Integration with the EHR

To maximize design flexibility and minimize restricting our application to a single EHR system, we elected to integrate our software as link within the EHR (currently operating using Cerner®). We developed a PowerForm that centralizes the multidisciplinary activities associated with busulfan TDM. Ordering a busulfan TDM study prompts a “face up” view of the PowerForm that generates all tasks and queries related to the study. A static order set generates labels for specimen collection. Data holding spots were created for entry by pharmacy (dosing weight, study dose number, total number of doses) and nursing (infusion start/stop times, sampling times, catheters accessed for dosing and sampling). Indicators signal the completion of all necessary tasks. The PowerForm serves to facilitate coordination of the TDM study and eliminates duplicative data capture. Preparatory and pre-delivery activities were streamlined and the steps where transcription errors could be introduced were eliminated addressing additional inefficiencies enumerated in Table 1. Clicking on the software link within the PowerForm transparently pulls in all of the relevant patient data from the PowerForm, along with demographic data, clinical laboratory data, and dosing information from the medication administration record. Accessing the software outside of the EHR requires provision of a medical record number which then permits import of the same data described above. The software was also built with a manual entry feature to accommodate the analysis of data from patients that are not contained within our institution's EHR. Completion of the modeling and simulation within the DST pushes a time/date stamped report back into the EHR while completion of more than one report for the same child prompts a warning indicating that a report has already been submitted for that child. We elected not to integrate software recommendations with computerized physician order entry (CPOE) until the software has been prospectively validated.

Usability testing

Structured cognitive walkthroughs (CW) were conducted with individuals representing medicine, pharmacy, pharmacology, and nursing to identify whether the interface supported the prospective users' needs (Polson et al., 1992). Recommendations arising from the CW were incorporated into the application's design. Subsequently, 14 content experts (CE) and 14 end-users (EU) participated in traditional usability testing to assess efficiency, ease-of-use, and user satisfaction with the application among a representative user populations (Table 2). Content experts reflected individuals having completed formal post-doctoral training in Pediatric Clinical Pharmacology. End-users reflected clinicians and/or administrative staff at the hospital that could reasonably be expected to interact with the software. Participants were observed as they completed a series of tasks within the application centered around four distinct clinical scenarios. Testing incorporated a think-aloud protocol in which participants were encouraged to verbalize what they are thinking during testing. Audio and video of the participants' interaction with the DST were captured using logging software designed for usability testing (Techsmith Morae). Additional information was collected via questionnaire. Each usability test gathered the following measures: demographics, time to complete tasks, number of clicks required to complete tasks (compared to optimal paths), task success, and user perceptions of task ease/difficulty. Overall user satisfaction and perceived usability was measured using version 3 of the Post-Study System Usability Questionnaire (PSSUQ v3; Sauro and Lewis, 2012). Standard descriptive statistics were applied to describe the usability testing participants and the PSSUQ response data. Statistical differences in task performance between user subpopulations were examined by application of a two-tailed, unpaired Student's t-test. The significance limit accepted for all statistical analyses was α = 0.05. All participants were enrolled with informed consent under a protocol that was reviewed and approved by the Institutional Review Board at Children's Mercy Hospital.
Table 2

Characteristics of participants in the usability testing.
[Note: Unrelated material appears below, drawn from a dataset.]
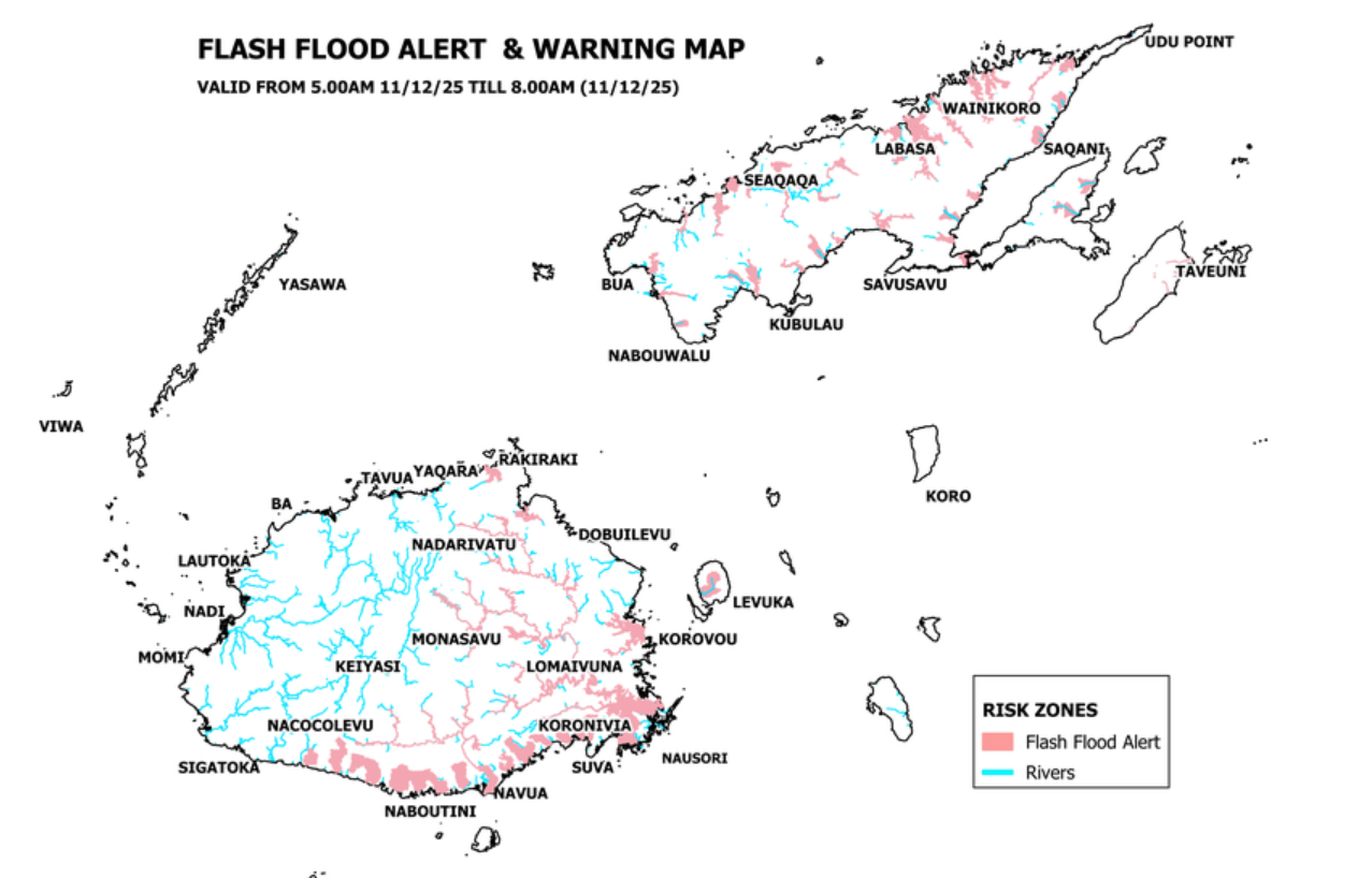 Flash flood warning for Serua to Navua coastal areas

CharacteristicGroupContent experts (n = 14)End users (n = 14)
GenderMale:Female6:83:11
Age group (year)26–39:40–598:611:3
RaceAfr. American:Asian:Caucasian2:2:100:2:12
Current roleResident/Fellow10
Physician113
Pharmacist17
Pharmacologist10
Nurse02
Administrator02
Years in current role< 5:5–10:10–15:15± years5:4:1:47:7:0:0
activities performed on the computer aside from emailmedian (range)5 (2–6)5 (3–7)
Hours per week spent on a computer5–15:15–25:26±1:3:100:3:11
Computer platform most often usedMac:Windows:Both0:12:24:6:4
Different browsers used for computingIE:Chrome:Firefox:multiple2:4:0:81:5:1:7
Frequency with which an EHR is accessedDaily1011
Weekly21
Monthly10
A few time a year00
Never12
Frequency with which a computerized clinical decision support tool is used to assist in patient managementDaily01
Once or twice a week32
About once a month38
A couple of times21
Never62
Frequency with which TDM is used to influence clinical decision makingDaily02
Once or twice a week35
About once a month51
A couple of times42
Never24
Proficiency with pharmacokinetic calculationsStrong02
Moderate105
Weak32
Not proficient at all15
Frequency with which PK calculations are applied to patient careDaily00
Once or twice a week04
About once a month22
A couple of times70
Never58
Tool most often used for PK calculations applied to direct patient careHandheld calculator36
Microsoft Excel60
Commercially available software00
N/A58
Characteristics of participants in the usability testing.

Results

The DST we developed systematically walks the end-user through a series of screens that select the most robust mathematical model around which to perform simulations that target user-defined inputs. In total, the user can arrive at a new dose and push the clinical decision back to EHR in four mouse clicks; however, there are options for additional decision making at each screen. Import Patient Data. Clinicians can access the software within the EHR or externally on the hospital's server. When accessed via the patient's medical record the user arrives at the “Lab Results” page which permits them to confirm the patient information and visually inspect the data (Figure 1A). All of the relevant information needed to perform the analyses (e.g., dose, infusion duration, sample times, etc.) are imported transparently from the EHR. The user can view the nursing notes on this page (Figure 1B) and, if relevant, exclude data they believe to be erroneous or contaminated (Figure 1C). If users access the software external to the EHR, they arrive at a screen that allows them to input a medical record number or select manual entry (Figure 2A). Entering a medical record will pull up all instances of a busulfan TDM study for that child from which the user can select the relevant dataset (Figure 2B).
Figure 1

(A) “Lab Results” page of the software with expanded views of the fields that allow the user to (B) view nursing notes, and (C) exclude data points.

Figure 2

(A) “Main Menu” page visible when users access the software outside of the EHR. (B) “Search Results” page that permits users to select the TDM study of interest.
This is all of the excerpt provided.